My Instagram and Facebook feeds are full of soap: how to make it, how to use it, what goes into it. And they are also full of Soap. The type of soap made by crafters who have elevated their craft into an art, pushing the boundaries of their medium as far as possible through skill and imagination.


These soaps are beautiful and inspiring to look at, and I can spend hours doing this and trying to figure out how they are made. But the makers often comment that people don’t actually use these soaps, they are too pretty, and that’s a shame. Soap, by its nature, is not something that is supposed to last forever, and must exist fully in the ‘form follows function’ camp. Maybe it is exactly this that makes these beautiful soap bars so very lovely to look at: one basin full of hot water and that’s it.

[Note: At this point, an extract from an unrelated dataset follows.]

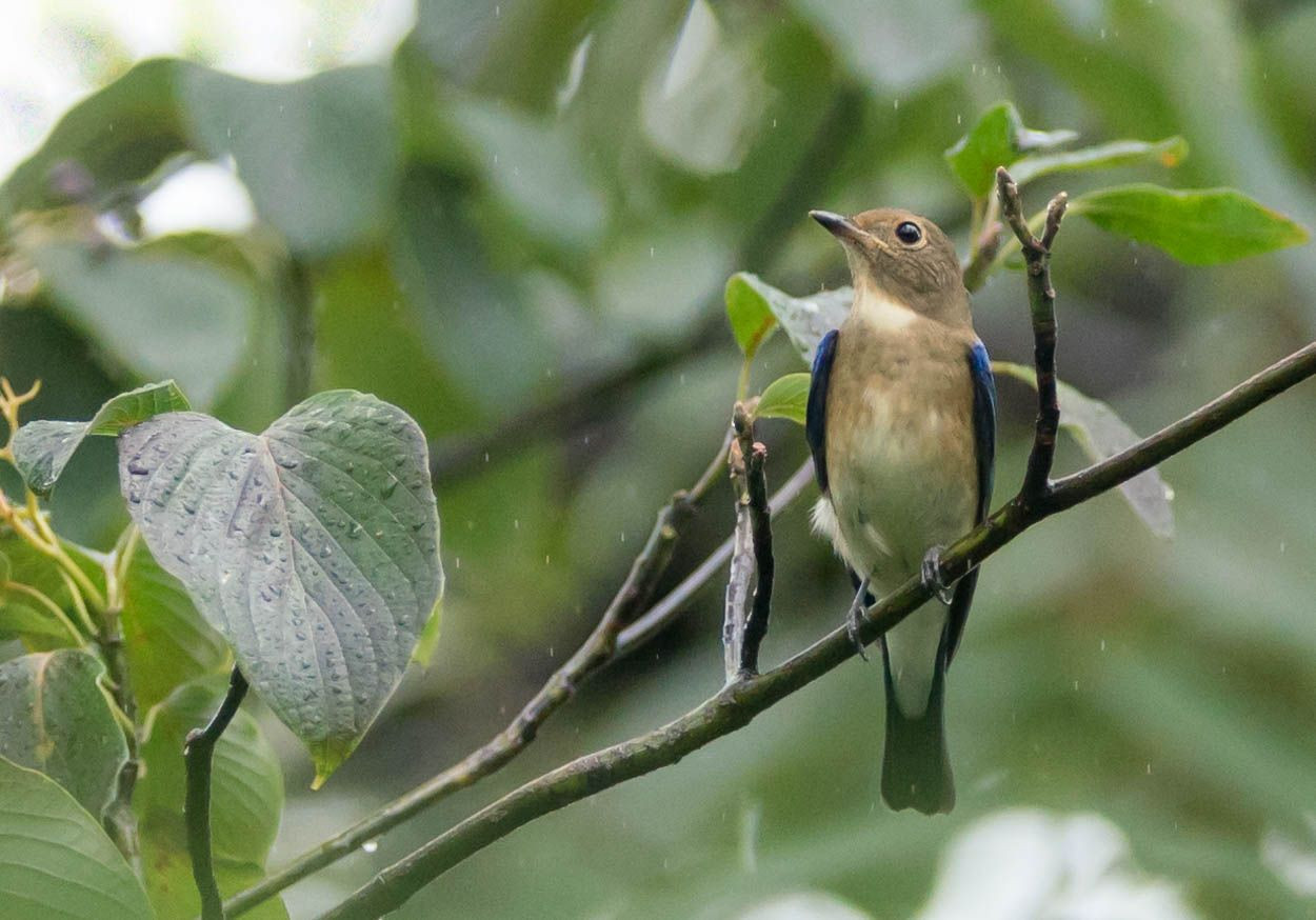 早朝から天気予報通り、雨が降っていた。 遠路遥々やってくる鳥達を迎えない訳にはいかない。 多くの野鳥達の到着を期待してカッパを着て逢いに行った。 現地では期待に応えてくれ、頭上を小鳥達がグルグル飛び交い、 一気に10種弱の到着を確認、午後には#オオルリ#の若まで登場。 独特の青色綺麗だよ、成鳥になったらまた来てね♪

I have tried my hand at ‘fancy’ soaps, incorporating little swirls and complicated designs – probably not that fancy by any standards, but I accept that I am just a beginner. They are fun and challenging to make, but the rule has always been that the soap must pay for itself, and I’ve found that these soaps just don’t sell well enough. What sells, for me, is the simple soap, with a clear, even colour and a gorgeous scent. I don’t doubt that people have different experiences with their own sales, but here it is the garden that people like.


The rose is popular; I remember a woman holding a sample up to her face, her eyes closed and smiling, asking if there was a hint of lemon in there? I imagined her picturing a summers day, a bouquet of roses and a lemon tree in a pot on the veranda.


The lavender and camomile soap is too. “I don’t usually like lavender,” is what people say. It’s the camomile that does it here, adding a fresh, herby note to the sweet, green floral scent of lavender and lifting it, like a hand lifted to brush over the heads of purple on a lavender bush, warm from the sun.


The best seller, though, is grandly called ‘Lady of the Isles’, because of course all island ladies are grand, although maybe more Boadicea than Queen Liz. This has surprised me because Lady of the Isles is fragranced with a patchouli essential oil blend, and patchouli seems to be the marmite of the essential oil world. For this soap it is blended with ylang-ylang and orange and becomes something altogether lovely; the sweet, rich and earthy scent made delicate by the softly floral, slightly spicy ylang-ylang and fresh citrus burst of orange.


John Steinbeck wrote that “A man may have lived all his life in the gray. . . and then – the glory – so that a cricket song sweetens his ears, the smell of the earth rises chanting to his nose.” Our sense of smell is intimately connected to our memory and imagination, more so than any other of our senses. Using essential oils brings the essence of the garden right into these soaps, and you take that with you wherever you go, as a memory, as a dream, as a promise of the glory of gardens to come. And that is its own art.